### DATA SUPPLIED
- - - - -
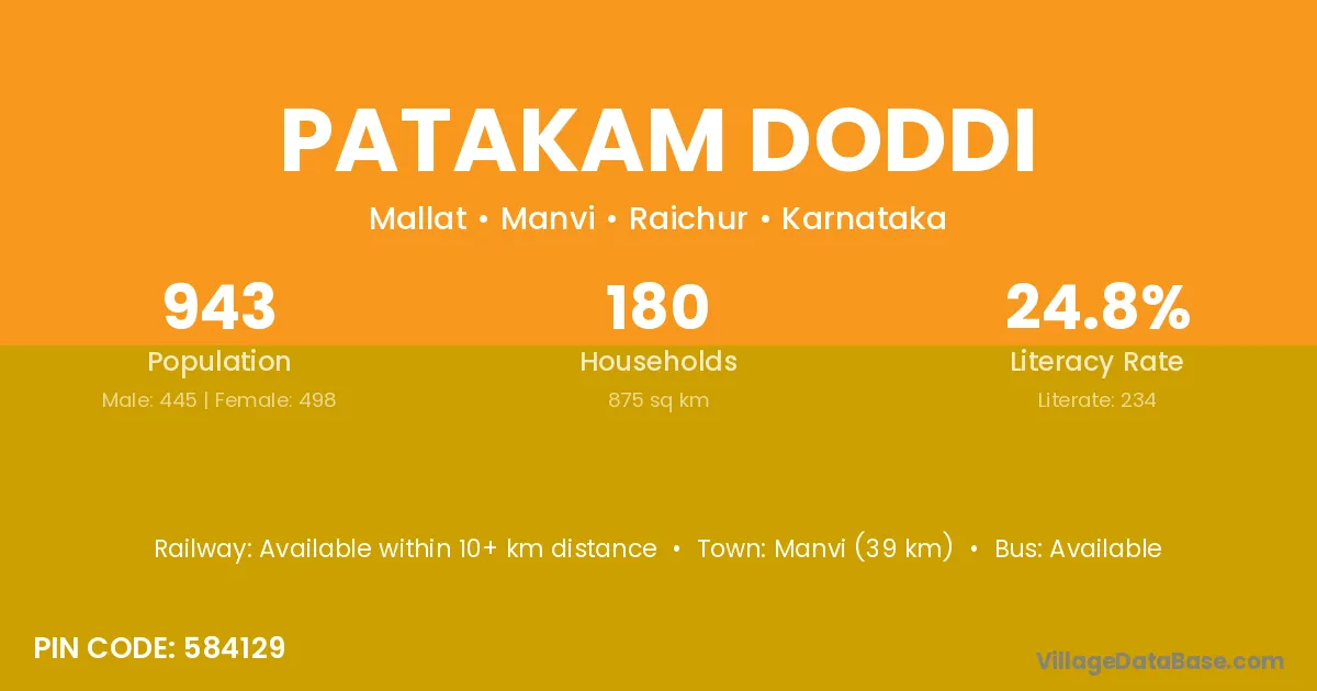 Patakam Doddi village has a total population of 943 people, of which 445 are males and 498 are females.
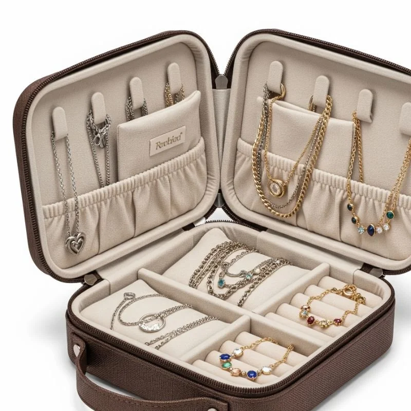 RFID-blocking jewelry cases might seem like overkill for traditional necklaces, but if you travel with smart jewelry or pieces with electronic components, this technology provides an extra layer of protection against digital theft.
- - - - -
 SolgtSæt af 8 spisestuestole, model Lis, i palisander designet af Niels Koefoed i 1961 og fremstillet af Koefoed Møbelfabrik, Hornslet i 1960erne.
- - - - -
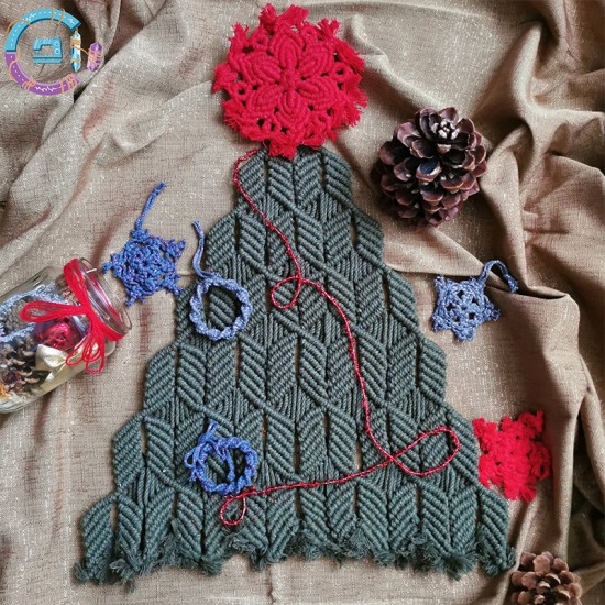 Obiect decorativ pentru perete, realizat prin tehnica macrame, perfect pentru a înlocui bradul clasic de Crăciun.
- - - - -
### YOUR ASSIGNMENT
Copy word for word the lines above, starting at the line containing "Patakam Doddi village" and ending at the line containing "RFID-blocking jewelry cases", inclusive, with no pictures.

### YOUR RESPONSE
 Patakam Doddi village has a total population of 943 people, of which 445 are males and 498 are females.
 RFID-blocking jewelry cases might seem like overkill for traditional necklaces, but if you travel with smart jewelry or pieces with electronic components, this technology provides an extra layer of protection against digital theft.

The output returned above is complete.